» **What is needed**: Please write out all of the entries beneath this line exactly, skipping the pictures.

━━ Records to process

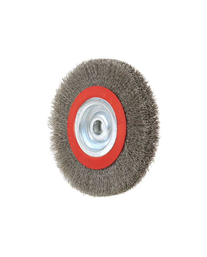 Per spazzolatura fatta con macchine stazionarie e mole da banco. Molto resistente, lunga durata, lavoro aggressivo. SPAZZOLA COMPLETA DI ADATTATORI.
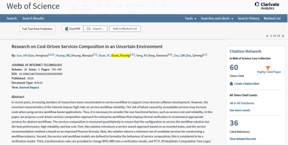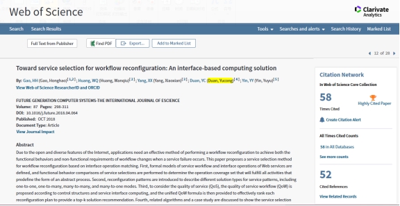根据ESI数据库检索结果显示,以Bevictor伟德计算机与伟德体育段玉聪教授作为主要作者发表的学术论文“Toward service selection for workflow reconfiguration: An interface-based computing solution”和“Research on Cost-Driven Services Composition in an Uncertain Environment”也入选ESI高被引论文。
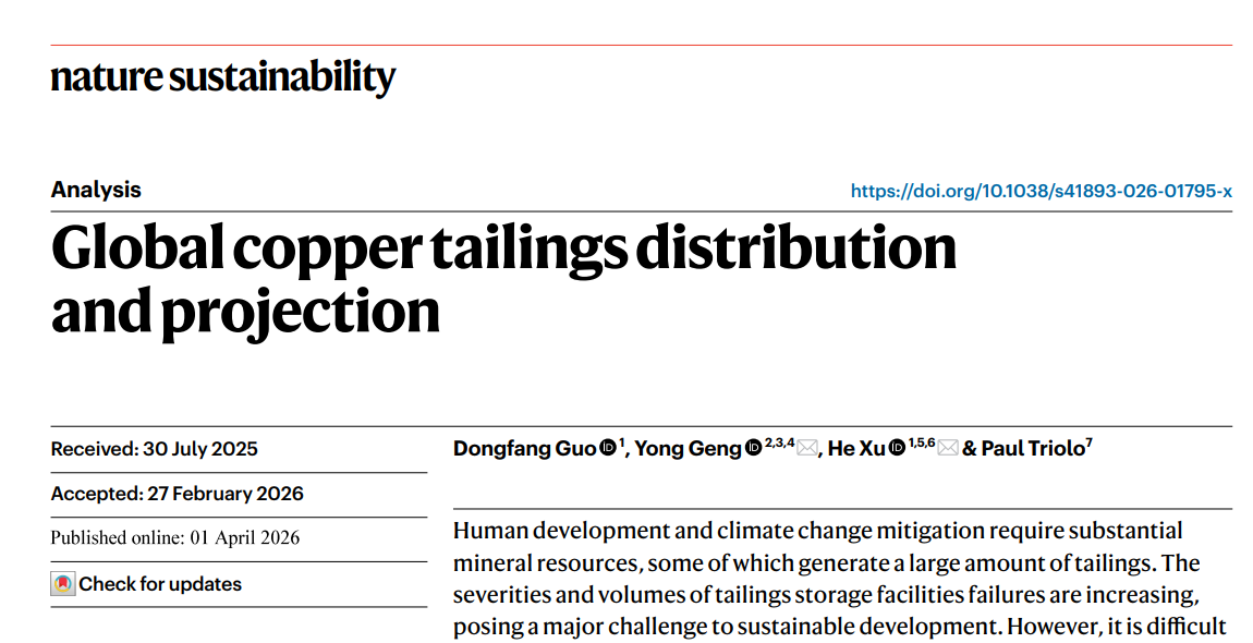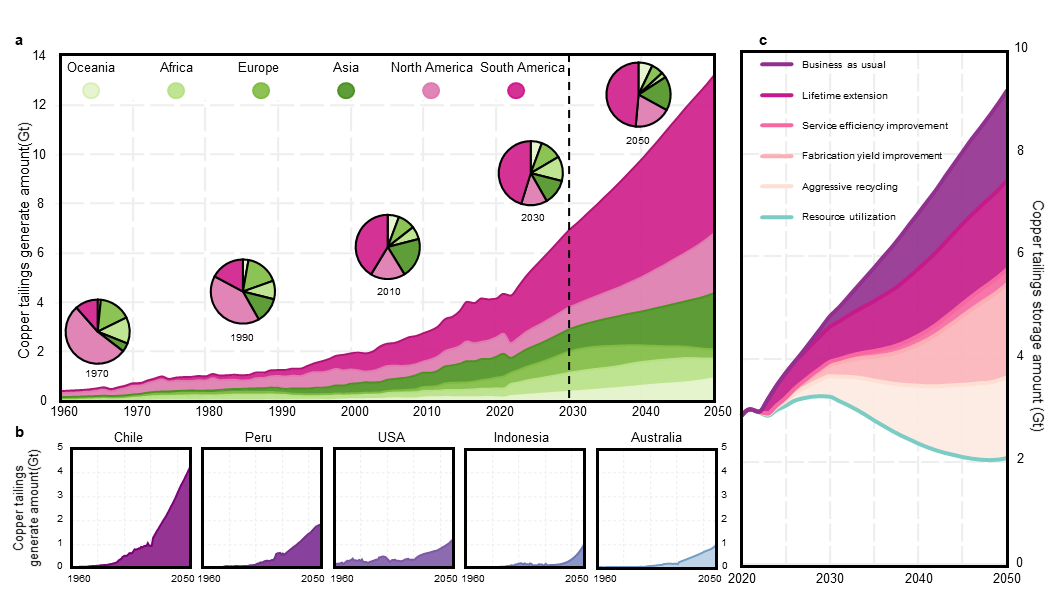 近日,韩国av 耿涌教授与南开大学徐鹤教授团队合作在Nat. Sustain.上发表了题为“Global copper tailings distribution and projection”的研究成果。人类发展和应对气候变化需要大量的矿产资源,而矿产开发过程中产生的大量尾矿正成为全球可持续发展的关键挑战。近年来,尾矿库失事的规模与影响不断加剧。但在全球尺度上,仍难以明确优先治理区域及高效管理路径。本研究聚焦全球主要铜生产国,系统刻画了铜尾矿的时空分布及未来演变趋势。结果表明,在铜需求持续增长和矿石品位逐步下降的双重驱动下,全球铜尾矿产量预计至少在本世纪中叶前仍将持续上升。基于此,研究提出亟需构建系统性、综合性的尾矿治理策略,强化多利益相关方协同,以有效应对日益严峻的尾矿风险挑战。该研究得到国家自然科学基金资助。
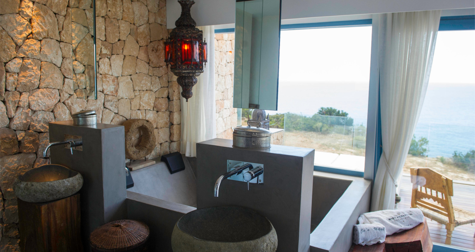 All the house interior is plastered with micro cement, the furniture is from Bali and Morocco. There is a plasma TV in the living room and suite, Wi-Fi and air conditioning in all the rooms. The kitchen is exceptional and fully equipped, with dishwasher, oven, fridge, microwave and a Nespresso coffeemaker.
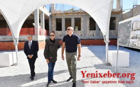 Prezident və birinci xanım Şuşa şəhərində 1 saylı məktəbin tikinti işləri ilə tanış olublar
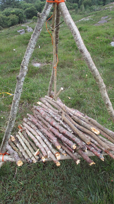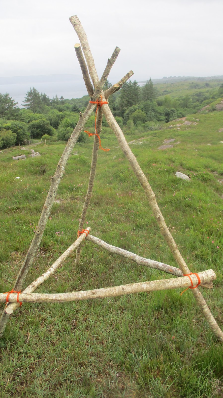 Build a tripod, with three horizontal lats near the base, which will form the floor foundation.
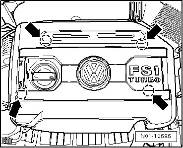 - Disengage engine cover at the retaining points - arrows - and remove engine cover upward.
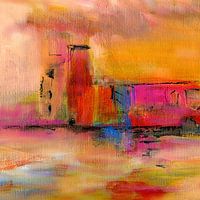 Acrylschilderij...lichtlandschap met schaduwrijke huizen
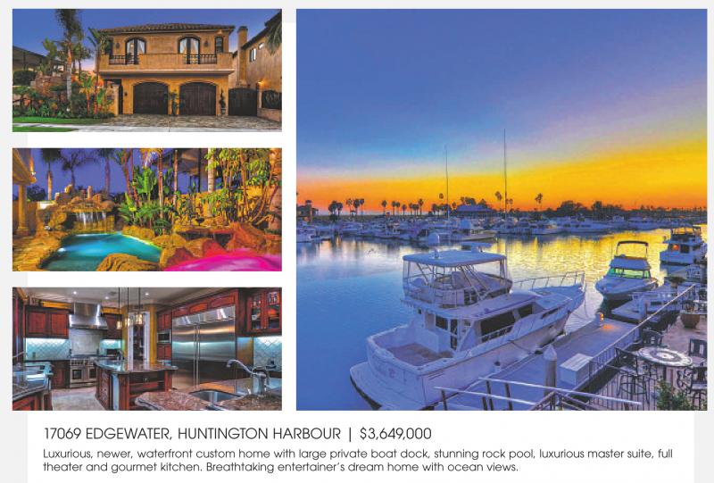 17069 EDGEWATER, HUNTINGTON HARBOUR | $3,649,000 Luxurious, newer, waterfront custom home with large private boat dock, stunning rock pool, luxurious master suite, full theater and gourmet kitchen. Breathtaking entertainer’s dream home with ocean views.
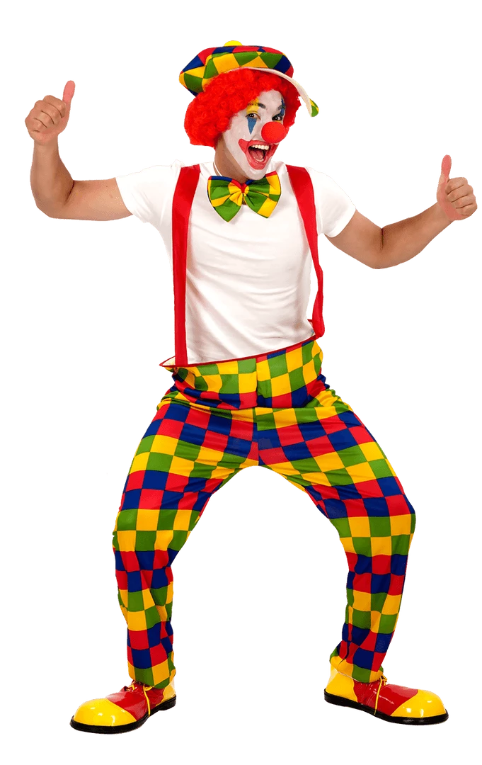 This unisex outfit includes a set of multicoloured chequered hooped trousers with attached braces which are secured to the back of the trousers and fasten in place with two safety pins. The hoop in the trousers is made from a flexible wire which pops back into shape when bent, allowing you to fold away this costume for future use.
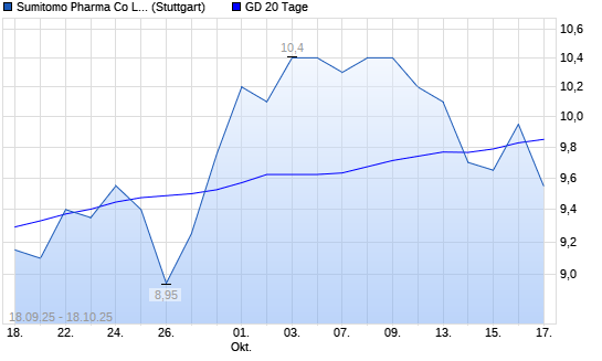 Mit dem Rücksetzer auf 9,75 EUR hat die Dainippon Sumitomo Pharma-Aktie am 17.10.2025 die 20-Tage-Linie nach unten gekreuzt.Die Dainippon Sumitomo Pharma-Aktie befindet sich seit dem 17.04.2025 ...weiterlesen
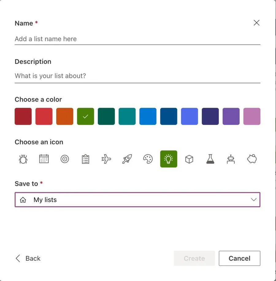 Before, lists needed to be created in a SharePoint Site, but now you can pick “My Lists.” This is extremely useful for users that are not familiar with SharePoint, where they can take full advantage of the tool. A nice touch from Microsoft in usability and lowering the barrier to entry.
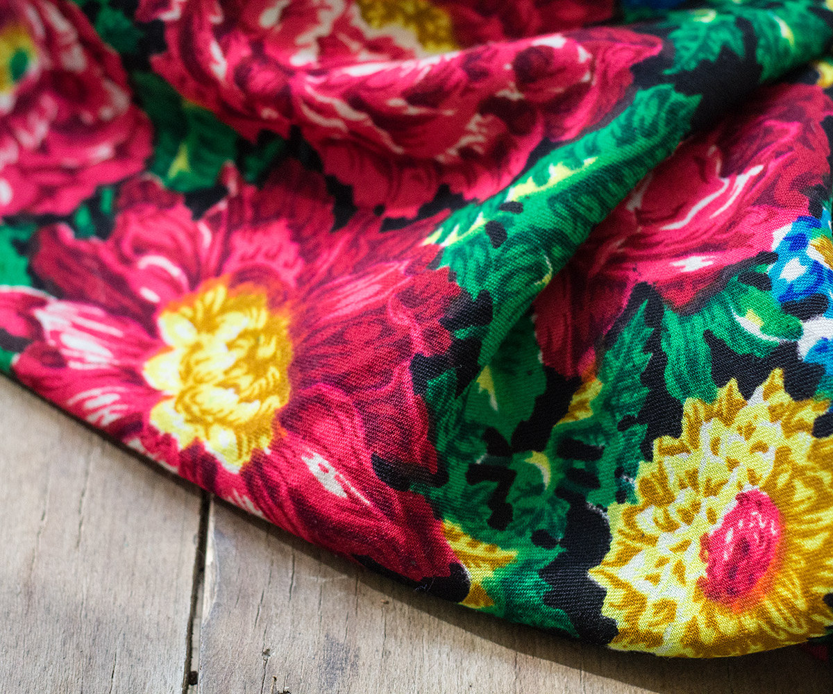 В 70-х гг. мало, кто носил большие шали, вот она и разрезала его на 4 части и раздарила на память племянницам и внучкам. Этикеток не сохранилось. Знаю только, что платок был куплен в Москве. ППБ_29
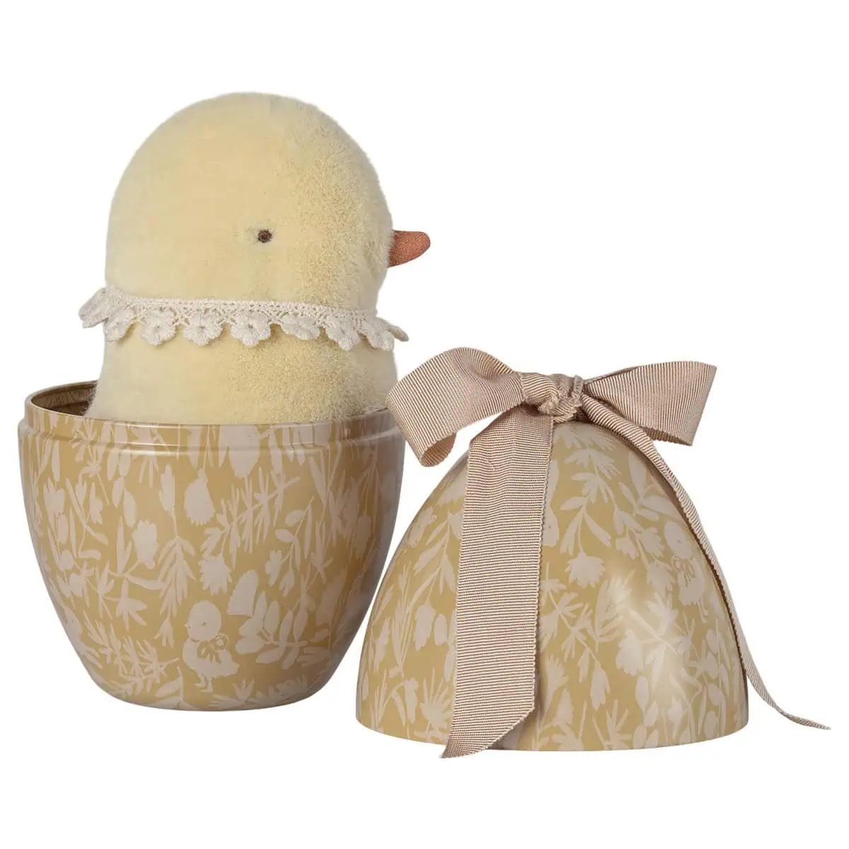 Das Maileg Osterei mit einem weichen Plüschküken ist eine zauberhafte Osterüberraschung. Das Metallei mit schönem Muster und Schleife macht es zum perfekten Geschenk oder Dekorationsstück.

━━━━

» **Response to the exercise**:
 Per spazzolatura fatta con macchine stazionarie e mole da banco. Molto resistente, lunga durata, lavoro aggressivo. SPAZZOLA COMPLETA DI ADATTATORI.
根据ESI数据库检索结果显示,以Bevictor伟德计算机与伟德体育段玉聪教授作为主要作者发表的学术论文“Toward service selection for workflow reconfiguration: An interface-based computing solution”和“Research on Cost-Driven Services Composition in an Uncertain Environment”也入选ESI高被引论文。
 近日,韩国av 耿涌教授与南开大学徐鹤教授团队合作在Nat. Sustain.上发表了题为“Global copper tailings distribution and projection”的研究成果。人类发展和应对气候变化需要大量的矿产资源,而矿产开发过程中产生的大量尾矿正成为全球可持续发展的关键挑战。近年来,尾矿库失事的规模与影响不断加剧。但在全球尺度上,仍难以明确优先治理区域及高效管理路径。本研究聚焦全球主要铜生产国,系统刻画了铜尾矿的时空分布及未来演变趋势。结果表明,在铜需求持续增长和矿石品位逐步下降的双重驱动下,全球铜尾矿产量预计至少在本世纪中叶前仍将持续上升。基于此,研究提出亟需构建系统性、综合性的尾矿治理策略,强化多利益相关方协同,以有效应对日益严峻的尾矿风险挑战。该研究得到国家自然科学基金资助。
 All the house interior is plastered with micro cement, the furniture is from Bali and Morocco. There is a plasma TV in the living room and suite, Wi-Fi and air conditioning in all the rooms. The kitchen is exceptional and fully equipped, with dishwasher, oven, fridge, microwave and a Nespresso coffeemaker.
 Prezident və birinci xanım Şuşa şəhərində 1 saylı məktəbin tikinti işləri ilə tanış olublar
 Build a tripod, with three horizontal lats near the base, which will form the floor foundation.
 - Disengage engine cover at the retaining points - arrows - and remove engine cover upward.
 Acrylschilderij...lichtlandschap met schaduwrijke huizen
 17069 EDGEWATER, HUNTINGTON HARBOUR | $3,649,000 Luxurious, newer, waterfront custom home with large private boat dock, stunning rock pool, luxurious master suite, full theater and gourmet kitchen. Breathtaking entertainer’s dream home with ocean views.
 This unisex outfit includes a set of multicoloured chequered hooped trousers with attached braces which are secured to the back of the trousers and fasten in place with two safety pins. The hoop in the trousers is made from a flexible wire which pops back into shape when bent, allowing you to fold away this costume for future use.
 Mit dem Rücksetzer auf 9,75 EUR hat die Dainippon Sumitomo Pharma-Aktie am 17.10.2025 die 20-Tage-Linie nach unten gekreuzt.Die Dainippon Sumitomo Pharma-Aktie befindet sich seit dem 17.04.2025 ...weiterlesen
 Before, lists needed to be created in a SharePoint Site, but now you can pick “My Lists.” This is extremely useful for users that are not familiar with SharePoint, where they can take full advantage of the tool. A nice touch from Microsoft in usability and lowering the barrier to entry.
 В 70-х гг. мало, кто носил большие шали, вот она и разрезала его на 4 части и раздарила на память племянницам и внучкам. Этикеток не сохранилось. Знаю только, что платок был куплен в Москве. ППБ_29
 Das Maileg Osterei mit einem weichen Plüschküken ist eine zauberhafte Osterüberraschung. Das Metallei mit schönem Muster und Schleife macht es zum perfekten Geschenk oder Dekorationsstück.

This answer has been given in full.